Sanborn Adam N, Hills Thomas T
Department of Psychology, University of Warwick, Coventry, CV4 7AL, UK,
Psychon Bull Rev. 2014 Apr;21(2):283-300. doi: 10.3758/s13423-013-0518-9.
Null hypothesis significance testing (NHST) is the most commonly used statistical methodology in psychology. The probability of achieving a value as extreme or more extreme than the statistic obtained from the data is evaluated, and if it is low enough, the null hypothesis is rejected. However, because common experimental practice often clashes with the assumptions underlying NHST, these calculated probabilities are often incorrect. Most commonly, experimenters use tests that assume that sample sizes are fixed in advance of data collection but then use the data to determine when to stop; in the limit, experimenters can use data monitoring to guarantee that the null hypothesis will be rejected. Bayesian hypothesis testing (BHT) provides a solution to these ills because the stopping rule used is irrelevant to the calculation of a Bayes factor. In addition, there are strong mathematical guarantees on the frequentist properties of BHT that are comforting for researchers concerned that stopping rules could influence the Bayes factors produced.
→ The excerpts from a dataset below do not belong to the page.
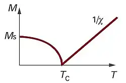 En utilisant la même théorie, on peut calculer l’évolution de Msp avec Happl. Si l’on réussit à obtenir que l'approximation de ce champ est de faible intensité, il est alors possible de montrer que la susceptibilité χ s'écrit avec C la constante de Curie. Traditionnellement, pour représenter les propriétés magnétiques d’un matériau ferromagnétique, les courbes Ms(T) et sont tracées sur un même graphe.
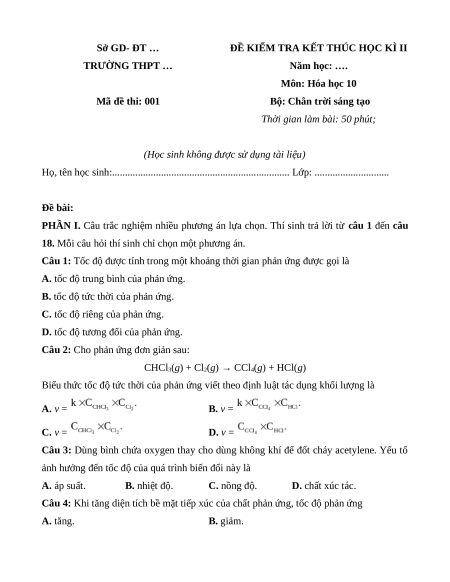 ĐỀ KIỂM TRA KẾT THÚC HỌC KÌ II TRƯỜNG THPT … Năm học: …. Môn: Hóa học 10 Mã đề thi: 001
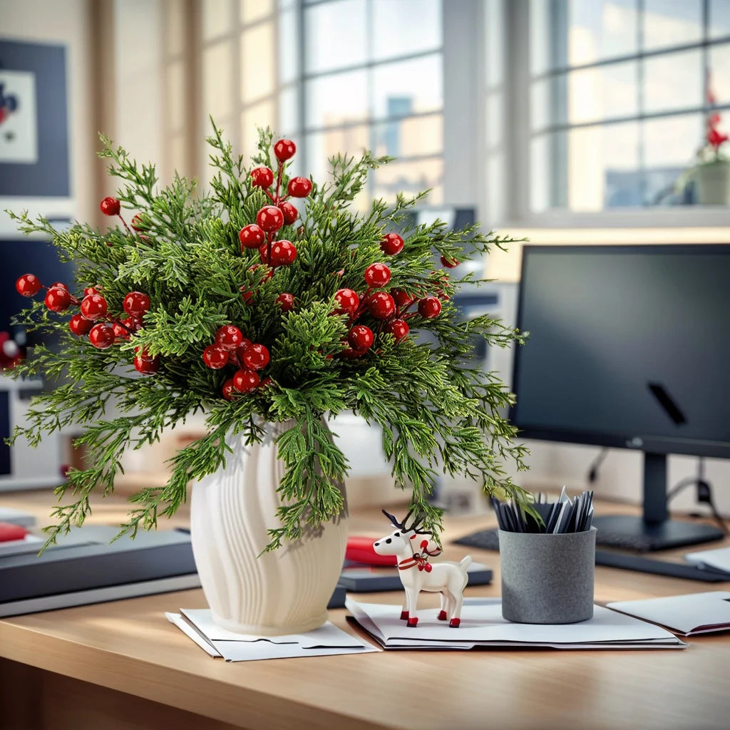 Qfdian 15pcs Artificial Pine Branches with Red Berry Stems Faux Christmas Greenery Pine Cypress DIY Craft Garland Home Christmas Decor
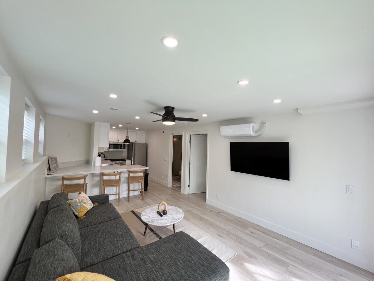 This unit comes fully furnished, with all utilities paid-just bring your bags! Fully equipped kitchen with quartz countertops and bar seating-new stainless steel appliances including gas range and dishwasher. Luxury bathroom with soaking tub and walk-in shower. Bedroom with queen size bed and large walk in closet with ample storage. Living room filled with natural light from the oversized sliding door accompanied by a sectional with storage chaise and pull out couch. 55 smart tv and access to high speed internet. Bedroom and living room with mini split hvac. Shared outdoor space consists of a large patio with secluded canyon views, outdoor dining, fire pit area with lounge furniture, herb garden and yard with new sod. Outdoor access to designated laundry room with brand new washer/dryer. Ample street parking, close to many hospitals, military bases, and within 15 min to downtown/beaches.
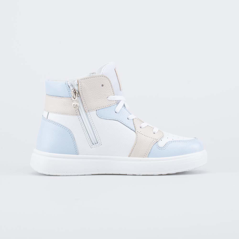 Описание Описание модели Демисезонные кожаные ботинки для девочки-подростка выполнены в сочетании трендовых цветов: бежевого и голубого. Верх, подкладка и формованная стелька изготовлены из натурально... Показать описанией кожи - дышащего материала, который обеспечивает оптимальный микроклимат внутри обуви. Молния обеспечивает максимальную раскрываемость модели при обувании, а шнуровка позволяет подогнать обувь по ноге и надежно её зафиксировать. Тренд колорблок, который заключается в гармоничном сочетании разных цветов, придает модели современный внешний вид. Подошва из ПУ (полиуретана) модной кедовой формы - гибкая и амортизирующая. Во внутреннем пространстве имеет приподнятость пяточной части, которая незаметна внешне. Модель анатомически-правильная: разработана с учетом особенностей подростковой стопы. Сделано в России.
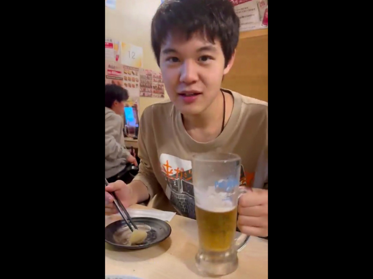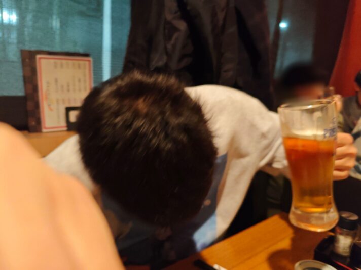今日は飲み屋で友人のビールを1/3飲ませてもらうことに。
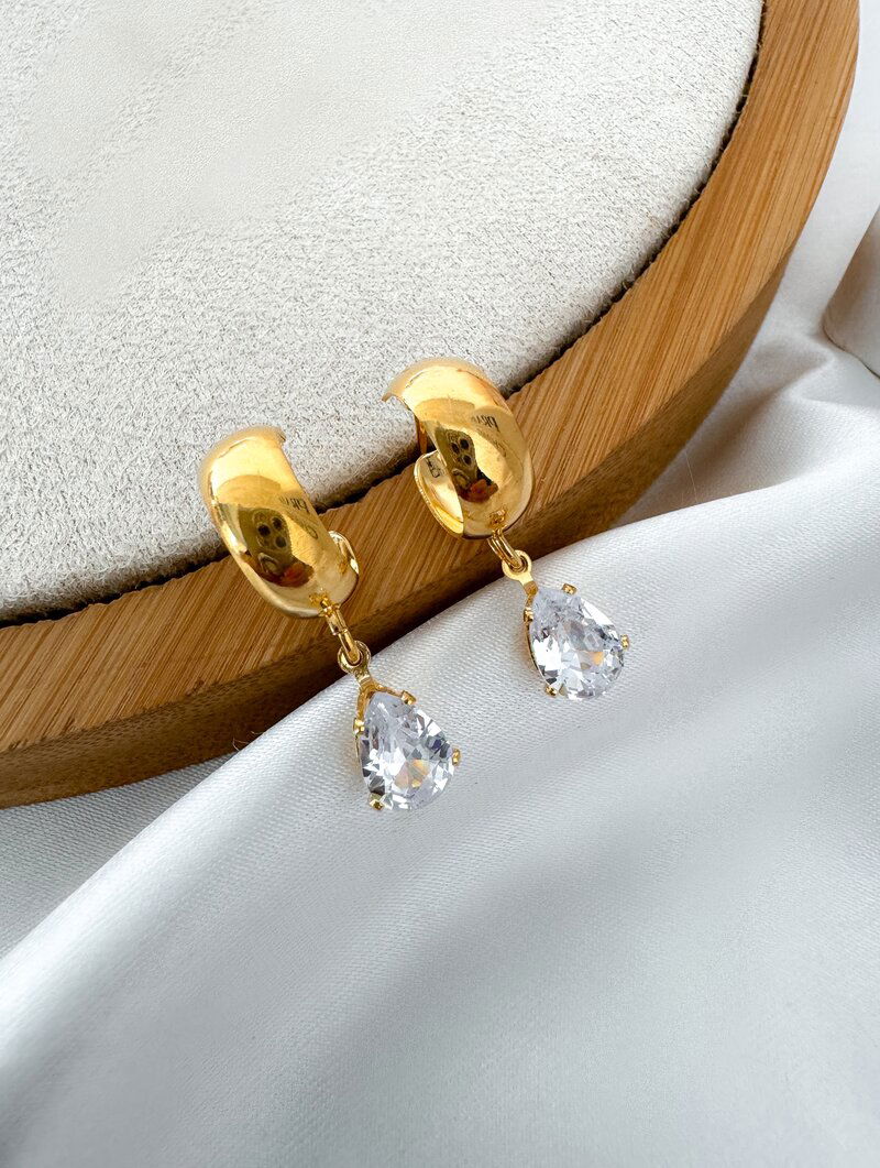 3. Brinco Folheado a Ouro 18k e Prata Argolinha com Gota de Zircônia

Here, we show that these guaranteed bounds have limited scope and often do not apply in psychological research. Specifically, we quantitatively demonstrate the impact of optional stopping on the resulting Bayes factors in two common situations: (1) when the truth is a combination of the hypotheses, such as in a heterogeneous population, and (2) when a hypothesis is composite-taking multiple parameter values-such as the alternative hypothesis in a t-test. We found that, for these situations, while the Bayesian interpretation remains correct regardless of the stopping rule used, the choice of stopping rule can, in some situations, greatly increase the chance of experimenters finding evidence in the direction they desire. We suggest ways to control these frequentist implications of stopping rules on BHT.
零假设显著性检验(NHST)是心理学中最常用的统计方法。要评估获得一个与从数据中得到的统计量一样极端或更极端的值的概率,如果这个概率足够低,就拒绝零假设。然而,由于常见的实验操作常常与NHST所依据的假设相冲突,这些计算出的概率往往是不正确的。最常见的情况是,实验者使用的检验方法假定样本量在数据收集之前就已确定,但随后却利用数据来决定何时停止;在极端情况下,实验者可以通过数据监测来确保零假设会被拒绝。贝叶斯假设检验(BHT)为这些问题提供了解决方案,因为所使用的停止规则与贝叶斯因子的计算无关。此外,对于担心停止规则可能会影响所产生的贝叶斯因子的研究人员来说,BHT在频率论性质方面有强有力的数学保证,这让人安心。在这里,我们表明这些有保证的界限范围有限,在心理学研究中常常并不适用。具体来说,我们定量地证明了在两种常见情况下,选择性停止对所得贝叶斯因子的影响:(1)当真相是假设的组合时,比如在异质总体中;(2)当一个假设是复合的——取多个参数值时,比如t检验中的备择假设。我们发现,对于这些情况,尽管无论使用何种停止规则,贝叶斯解释仍然是正确的,但在某些情况下,停止规则的选择会大大增加实验者找到他们所期望方向证据的机会。我们提出了一些方法来控制停止规则对BHT的这些频率论影响。